◆ DESCRIPTION OF THE TASK ◆
A verbatim copy of every record is required, and no pictures should be included.

======== LISTED RECORDS ========

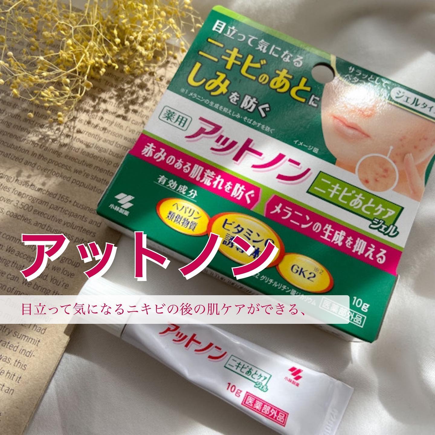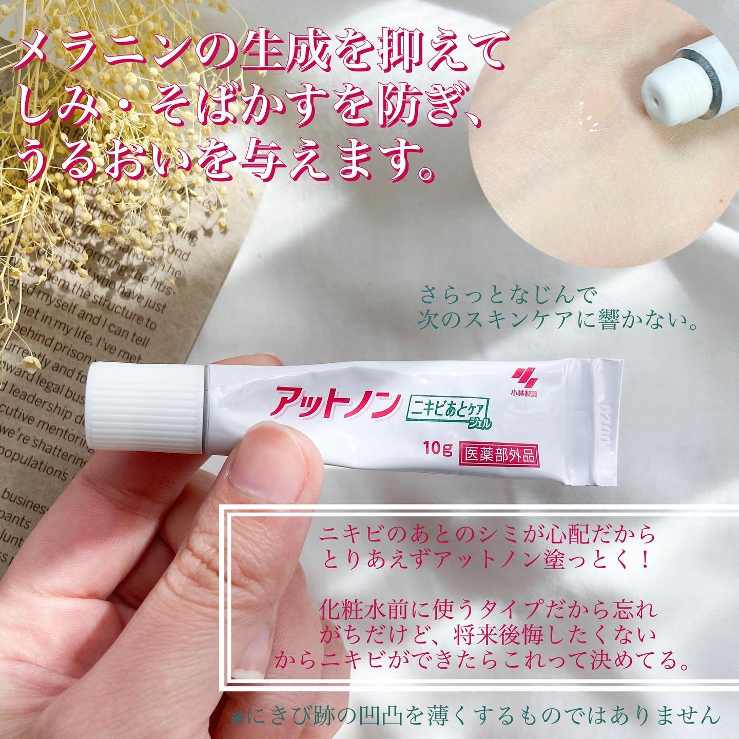 \ニキビのあとケア、コレ使って♡/ニキビのあとは、刺激などの炎症によりメラニンの生成が促されてしみになりやすいの🥲そうなる前にコレがオススメ!♡小林製薬アットノンニキビあとケアジェル(医薬部外品)スキンケアの最後ではなく洗顔後、スキンケア前に...
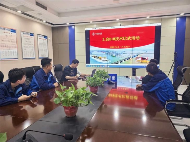 4月19日,石港项目部组织开展 BIM 技术技能比武活动。本次比武依次开展 BIM 成果现场演示讲解、BIM 软件参数化应用实操展示等环节。评审组围绕展示主题、内容完整性、成果制作质量等维度进行综合打分评比。活动现场氛围浓厚,参赛人员相互交流探讨、互学互鉴、共同提升,有效促进专业能力同步进步。
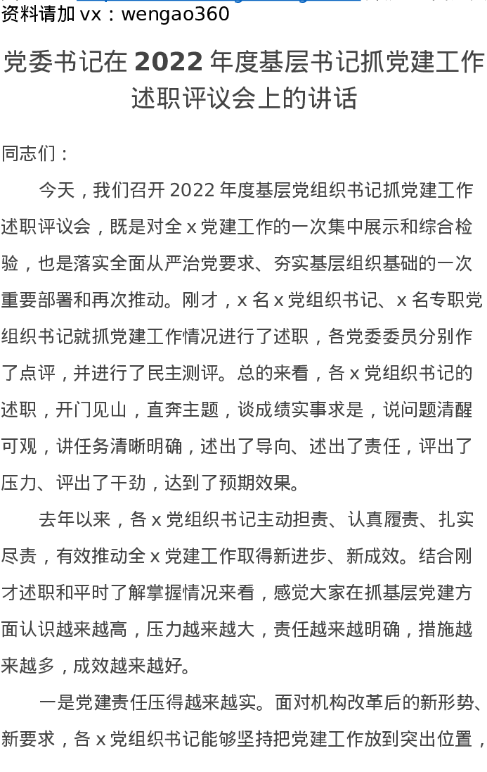 党委书记在2022年度基层书记抓党建工作述职评议会上的讲话
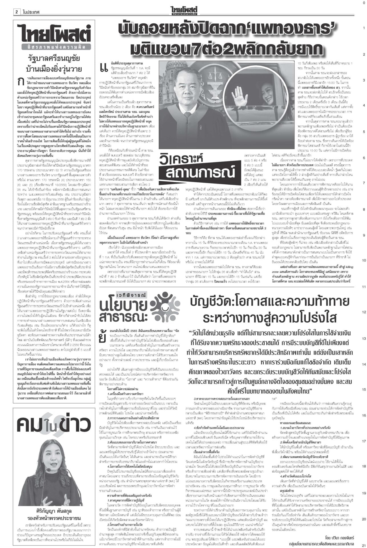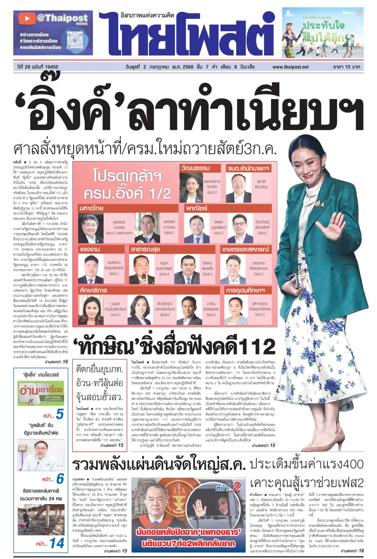 หนังสือพิมพ์ ฉบับวันที่ 2 กรกฎาคม 2568ข่าวหน้าหนึ่ง‘อิ๊งค์’ลาทำเนียบฯ ศาลสั่งหยุดหน้าที่/ครม.ใหม่ถวายสัตย์3ก.ค.9 ต่อ 0 มติตุลาการศาลรัฐธรรมนูญรับไต่สวนคลิปลุงฮุน พ่วงมติ 7:2 ให้ “แพทองธาร” หยุดปฏิบัติหน้าที่นายกฯ ทันที ‘ทักษิณ’ชิ่งสื่อฟังคดี112สืบพยานคดี 112 “ทักษิณ” วันแรกราบรื่น ทนายบอกเจ้าตัวไม่เครียดและไม่หนักใจ รวมพลังแผ่นดินจัดใหญ่ส.ค.“รวมพลังแผ่นดิน” เผยยอดบริจาคก่อนปิดบัญชีทะลุ 30 ล้านบาท หักค่าใช้จ่ายการชุมนุมรวม 2 ล้าน ประเดิมขึ้นค่าแรง400 เคาะคุณสู้เราช่วยเฟส2ครม.เคาะ “คุณสู้ เราช่วย” เฟส 2 เปิดลงทะเบียนถึง 30 ก.ย.68 ปักธงอุ้มลูกหนี้เพิ่ม 2 ล้านบัญชี ตีตกยื่นยุบภท. อ้วน-ทวีลุ้นต่อ จุ้นสอบฮั้วสว.ศาล รธน.ตีตกคำร้อง “ณฐพร” ฟ้อง กกต.เอื้อ “ภท.-เนวิน” ฮั้วเลือก สว. ส่วนคดี สว.ฟ้อง “ภูมิธรรม-ทวี”
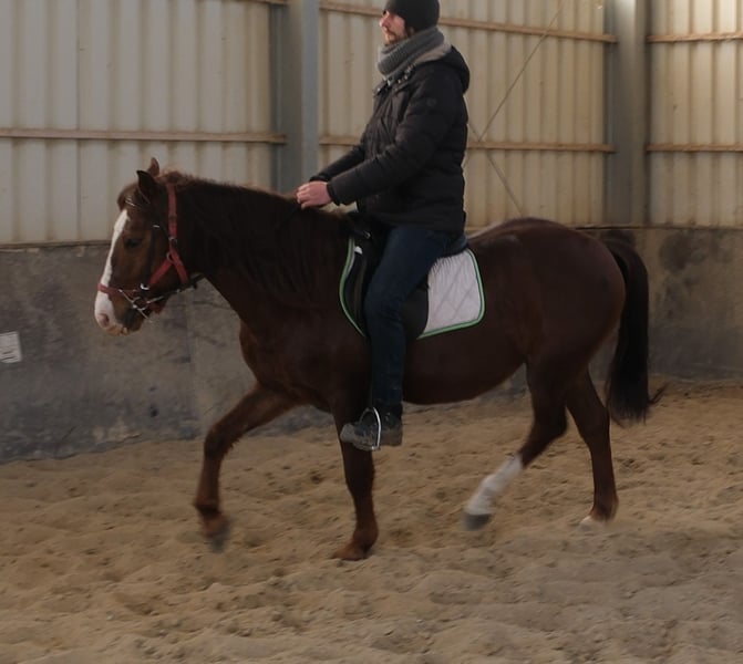 Einfacher,unkomplizierter Wallach,brav im Umgang und problemlos zu reiten. Sicher im Straßenverkehr und Gelände. Rio ist auch einspännig gefahren. 8 Jahre, 145cm Bei Interesse bitte anrufen, keine Mail! Für eventuell auftretende Fehler in der Beschreibung gilt keine Gewähr! Tel.: 0173-3843407 Da es sich um ein lebendes Tier handelt, sind dies subjektive Eindrücke des Anbieters und keine zugesicherten Eigenschaften des Tieres! Ständig schöne Fahr-u.Freizeitpferdesowie neue Kutschen verschiedener Modelle preiswert im Angebot. Anschrift Stall: 99628 Buttstädt, Oberwendenstraße 39

========

◆ REPLY TO THE EXERCISE ◆
 \ニキビのあとケア、コレ使って♡/ニキビのあとは、刺激などの炎症によりメラニンの生成が促されてしみになりやすいの🥲そうなる前にコレがオススメ!♡小林製薬アットノンニキビあとケアジェル(医薬部外品)スキンケアの最後ではなく洗顔後、スキンケア前に...
 4月19日,石港项目部组织开展 BIM 技术技能比武活动。本次比武依次开展 BIM 成果现场演示讲解、BIM 软件参数化应用实操展示等环节。评审组围绕展示主题、内容完整性、成果制作质量等维度进行综合打分评比。活动现场氛围浓厚,参赛人员相互交流探讨、互学互鉴、共同提升,有效促进专业能力同步进步。
 党委书记在2022年度基层书记抓党建工作述职评议会上的讲话
 หนังสือพิมพ์ ฉบับวันที่ 2 กรกฎาคม 2568ข่าวหน้าหนึ่ง‘อิ๊งค์’ลาทำเนียบฯ ศาลสั่งหยุดหน้าที่/ครม.ใหม่ถวายสัตย์3ก.ค.9 ต่อ 0 มติตุลาการศาลรัฐธรรมนูญรับไต่สวนคลิปลุงฮุน พ่วงมติ 7:2 ให้ “แพทองธาร” หยุดปฏิบัติหน้าที่นายกฯ ทันที ‘ทักษิณ’ชิ่งสื่อฟังคดี112สืบพยานคดี 112 “ทักษิณ” วันแรกราบรื่น ทนายบอกเจ้าตัวไม่เครียดและไม่หนักใจ รวมพลังแผ่นดินจัดใหญ่ส.ค.“รวมพลังแผ่นดิน” เผยยอดบริจาคก่อนปิดบัญชีทะลุ 30 ล้านบาท หักค่าใช้จ่ายการชุมนุมรวม 2 ล้าน ประเดิมขึ้นค่าแรง400 เคาะคุณสู้เราช่วยเฟส2ครม.เคาะ “คุณสู้ เราช่วย” เฟส 2 เปิดลงทะเบียนถึง 30 ก.ย.68 ปักธงอุ้มลูกหนี้เพิ่ม 2 ล้านบัญชี ตีตกยื่นยุบภท. อ้วน-ทวีลุ้นต่อ จุ้นสอบฮั้วสว.ศาล รธน.ตีตกคำร้อง “ณฐพร” ฟ้อง กกต.เอื้อ “ภท.-เนวิน” ฮั้วเลือก สว. ส่วนคดี สว.ฟ้อง “ภูมิธรรม-ทวี”
 Einfacher,unkomplizierter Wallach,brav im Umgang und problemlos zu reiten. Sicher im Straßenverkehr und Gelände. Rio ist auch einspännig gefahren. 8 Jahre, 145cm Bei Interesse bitte anrufen, keine Mail! Für eventuell auftretende Fehler in der Beschreibung gilt keine Gewähr! Tel.: 0173-3843407 Da es sich um ein lebendes Tier handelt, sind dies subjektive Eindrücke des Anbieters und keine zugesicherten Eigenschaften des Tieres! Ständig schöne Fahr-u.Freizeitpferdesowie neue Kutschen verschiedener Modelle preiswert im Angebot. Anschrift Stall: 99628 Buttstädt, Oberwendenstraße 39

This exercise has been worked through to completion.